Exercise aim
Transcribe the entries below word for word, beginning at the line with "根据公司党委的要求,9月28" and stopping after the line with "饞。台式食堂 📍 灣仔廈門街31號地舖…查看更多"; drop all pictures.

(Task data begins)

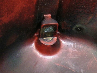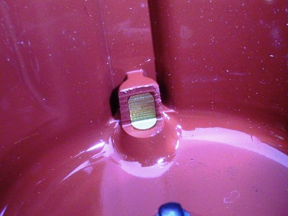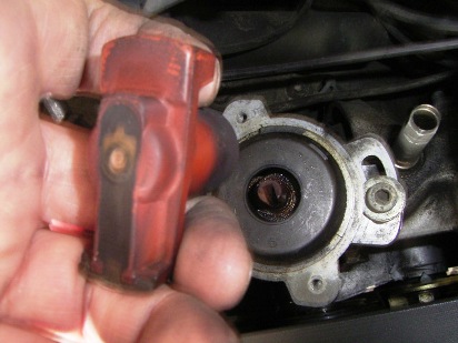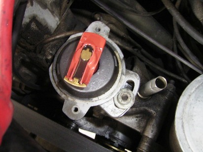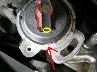| デスビのココに刻みがあります。この刻みは1番シリンダーに通電する位置です。 ここにデスビローターの先端が向くようにデスビ本体を差し込みます。 これでエンジンが掛からなかったら、ローターを180度向きを変えるか、クランクをもう1周まわしてローターの位置を合わせ直してください。 以上で終わりです。 |
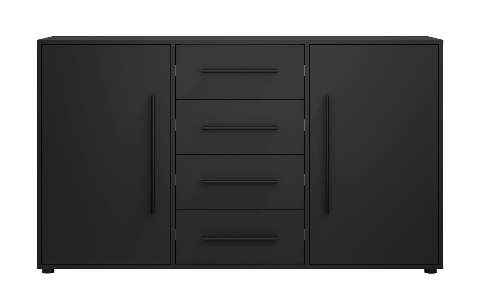 - Schwarze Kommode Modena mit 4 Schubladen und 2 Schränken. Modern, geräumig und vielseitig – ideal für Wohnzimmer, Schlafzimmer und Flur.
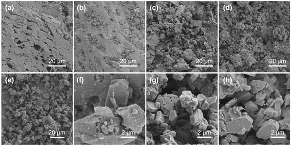 彩运cy888 图2:(a)活性炭、(e)分子筛、(b,f)活性炭复合材料-10%在不同放大倍数下的SEM图像,(c,g)活性炭复合材料-20%在不同放大倍数下的SEM图像,以及(d,h)活性炭复合材料-30%在不同放大倍数下的SEM图像。
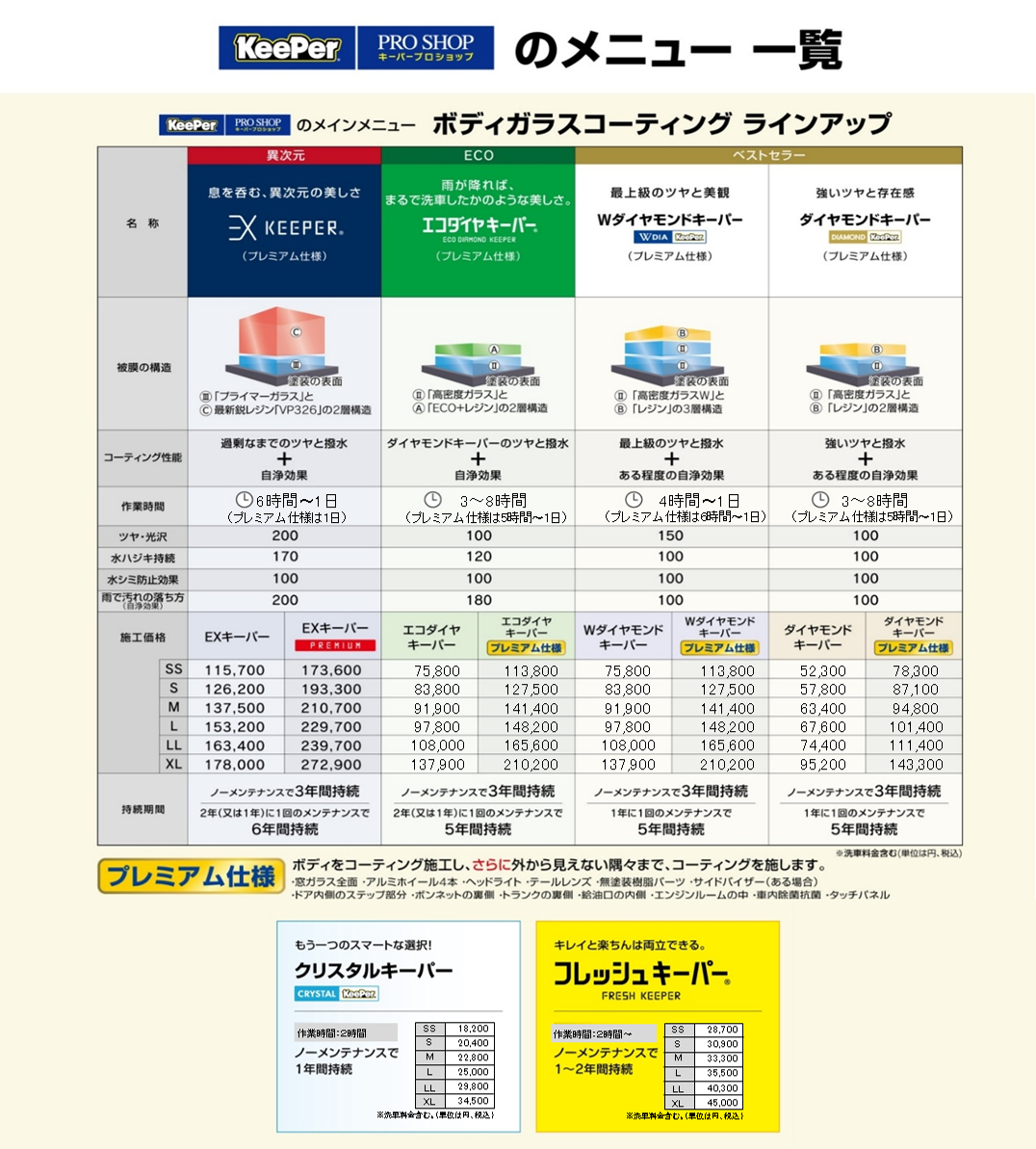 ・EXキーパーは新車用ボディーコーティング、納車後1ヶ月以内、走行距離で1000キロ以内が新車の定義となっています。
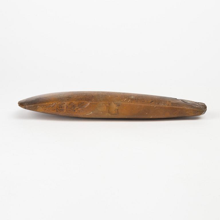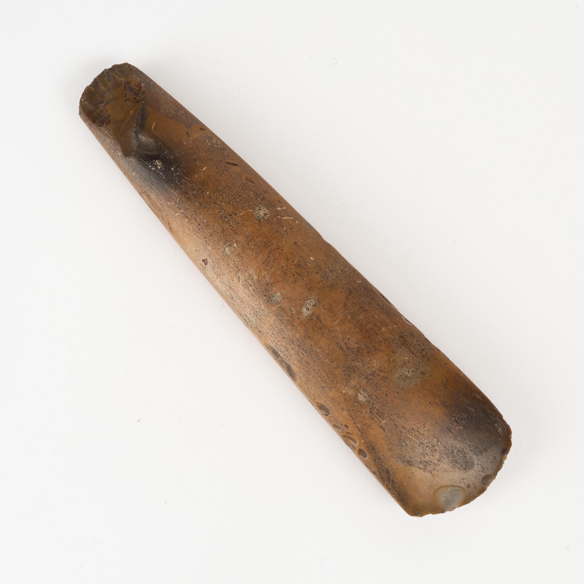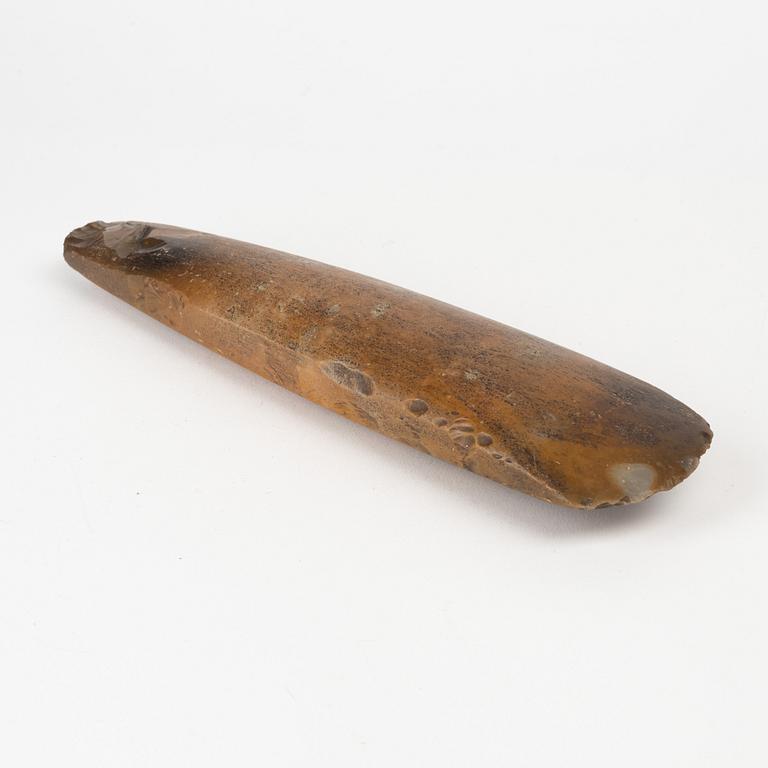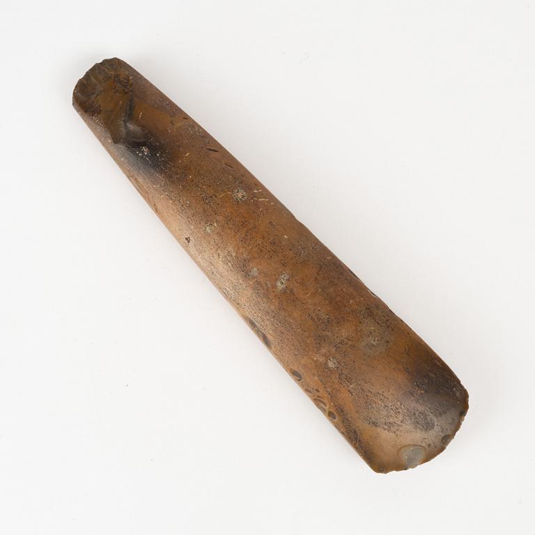 Tunnackig yxa av slipad rödbrun flinta. Längd 25,5 cm.
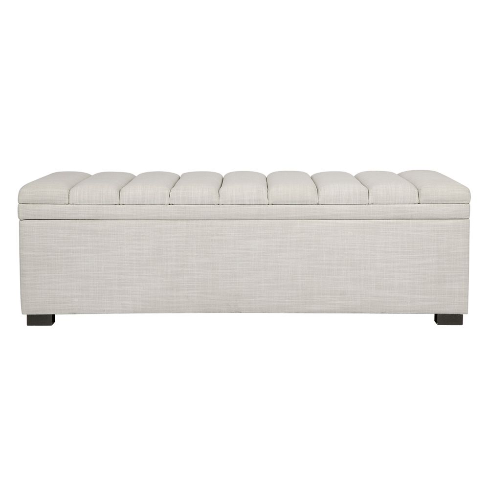 Upholstered in a classic off white linen blend fabric, the Soho storage bench ottoman features a luxuriously panelled top which lifts to reveal ample storage - creating a furniture piece that is both elegant and functional. Classic contemporary in design, the Soho storage bench ottoman is the perfect accent piece for a stylish bedroom, entry or additional living room seating. A beautiful complement to any interior.
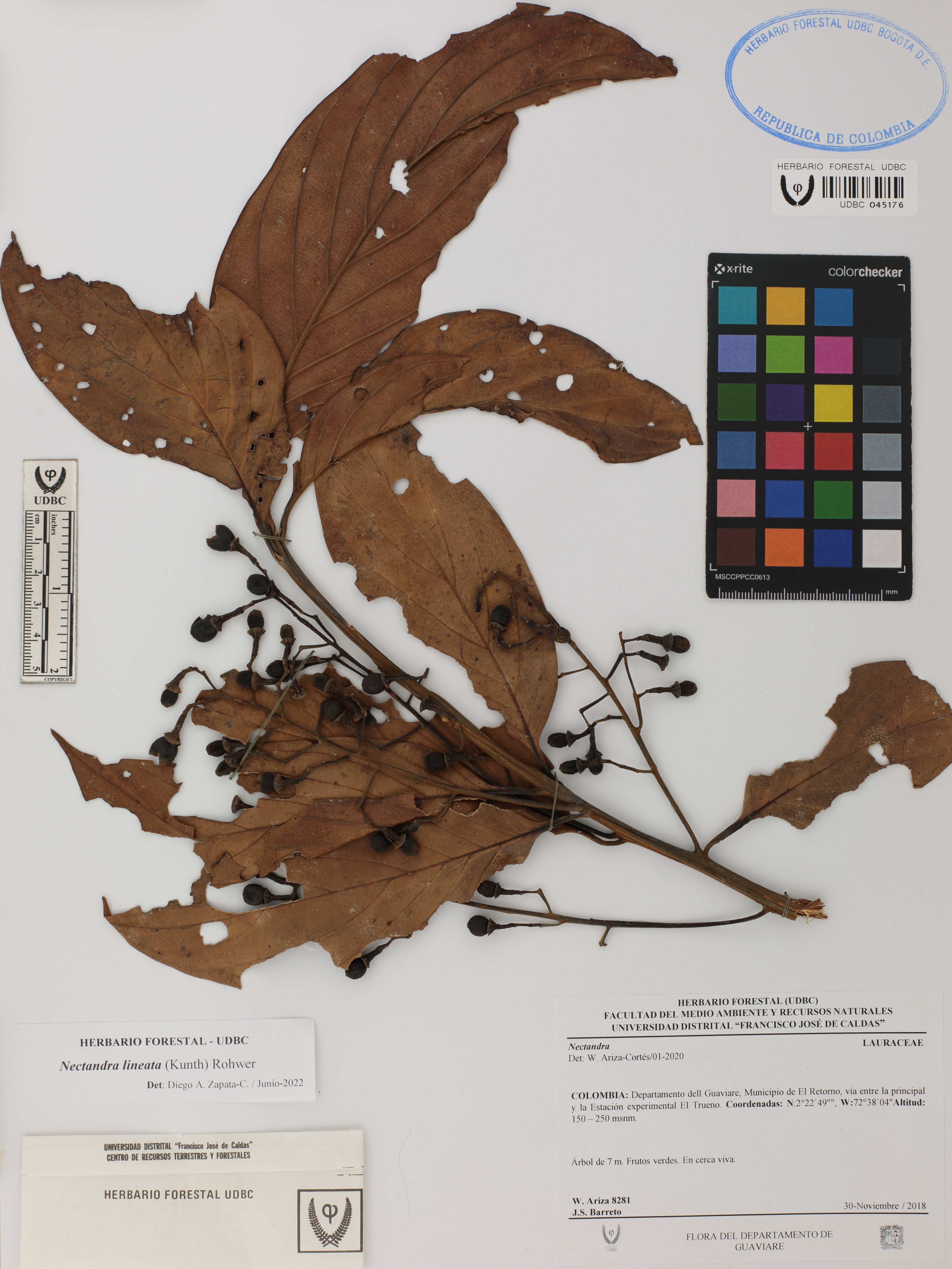 | dc.description | Fotografía del ejemplar Ariza-Cortés, W. 8281, determinado como Nectandra lineata en el año 2022 | |
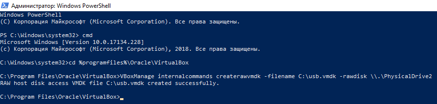 - Теперь надо набрать и выполнить следующую команду: «VBoxManage internalcommands createrawvmdk -filename C:\USB.vmdk -rawdisk \\.\PhysicalDrive1».
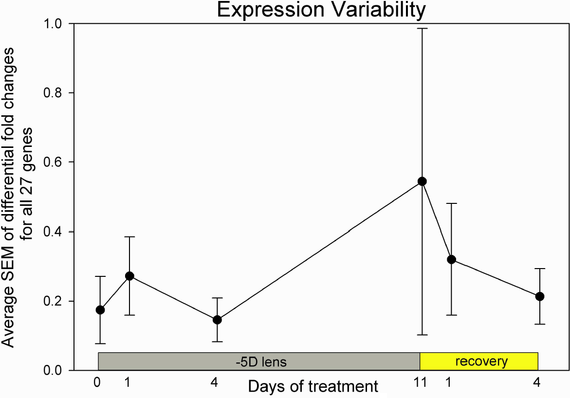 Figure 3. The average of the SEM values of the differential gene expression for all 27 genes is shown for the 24 VE normal group (day
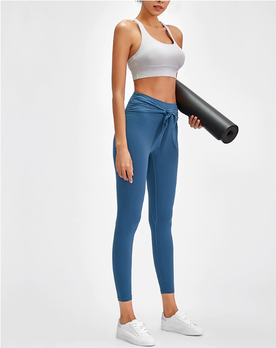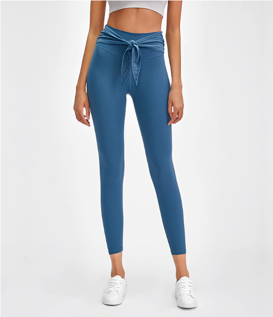 Ginhawa Athleisure Sandy Tie-Waist Semi-Cropped Yoga Pants in Blue
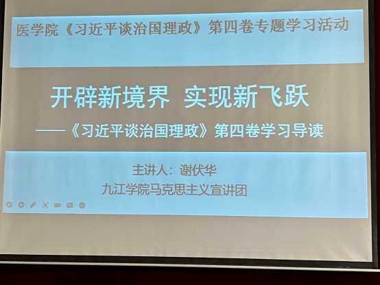 根据公司党委的要求,9月28日下午,医学院在立本楼三楼报告厅开展《习近平谈治国理政》第四卷政治理论专题学习活动,党政班子成员、全体教职工及员工党员参加了此次活动。活动由副书记刘频健主持。
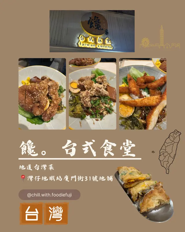 🍴是日餐單🍽️芋泥肉鬆蔥油蛋餅 $62一份4件,大大件~好香蔥油味!炸豬扒滷肉飯 $69炸雞柳滷肉飯 $62鹽酥雞滷肉飯 $59每個飯都包酸菜、滷蛋同滷豆腐!大大碗,食完好滿足😌— (о´∀`о) 滿分5隻貓💯味道:😽😽😽😽環境:😽😽😽😽性價比:😽😽😽😽😽🧋 饞。台式食堂 📍 灣仔廈門街31號地舖…查看更多
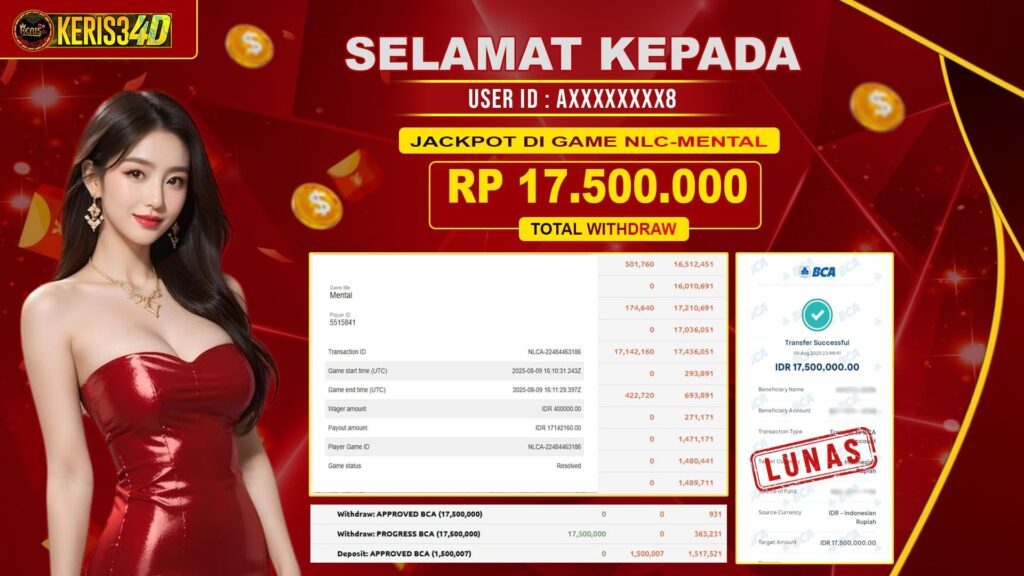 KERIS34D dikenal sebagai situs terpercaya yang selalu menghadirkan pengalaman bermain slot online yang aman, fair, dan berlisensi resmi. Di sini, kami tidak hanya sekadar memberikan janji, tapi bukti nyata berupa slip kemenangan yang dapat Anda lihat secara langsung.
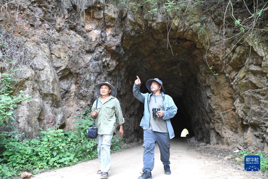 蒙育寧(右)和同事在岜盆自然保護區(qū)巡護(5月18日攝)。

(Task data ends)

The completed task
 根据公司党委的要求,9月28日下午,医学院在立本楼三楼报告厅开展《习近平谈治国理政》第四卷政治理论专题学习活动,党政班子成员、全体教职工及员工党员参加了此次活动。活动由副书记刘频健主持。
 🍴是日餐單🍽️芋泥肉鬆蔥油蛋餅 $62一份4件,大大件~好香蔥油味!炸豬扒滷肉飯 $69炸雞柳滷肉飯 $62鹽酥雞滷肉飯 $59每個飯都包酸菜、滷蛋同滷豆腐!大大碗,食完好滿足😌— (о´∀`о) 滿分5隻貓💯味道:😽😽😽😽環境:😽😽😽😽性價比:😽😽😽😽😽🧋 饞。台式食堂 📍 灣仔廈門街31號地舖…查看更多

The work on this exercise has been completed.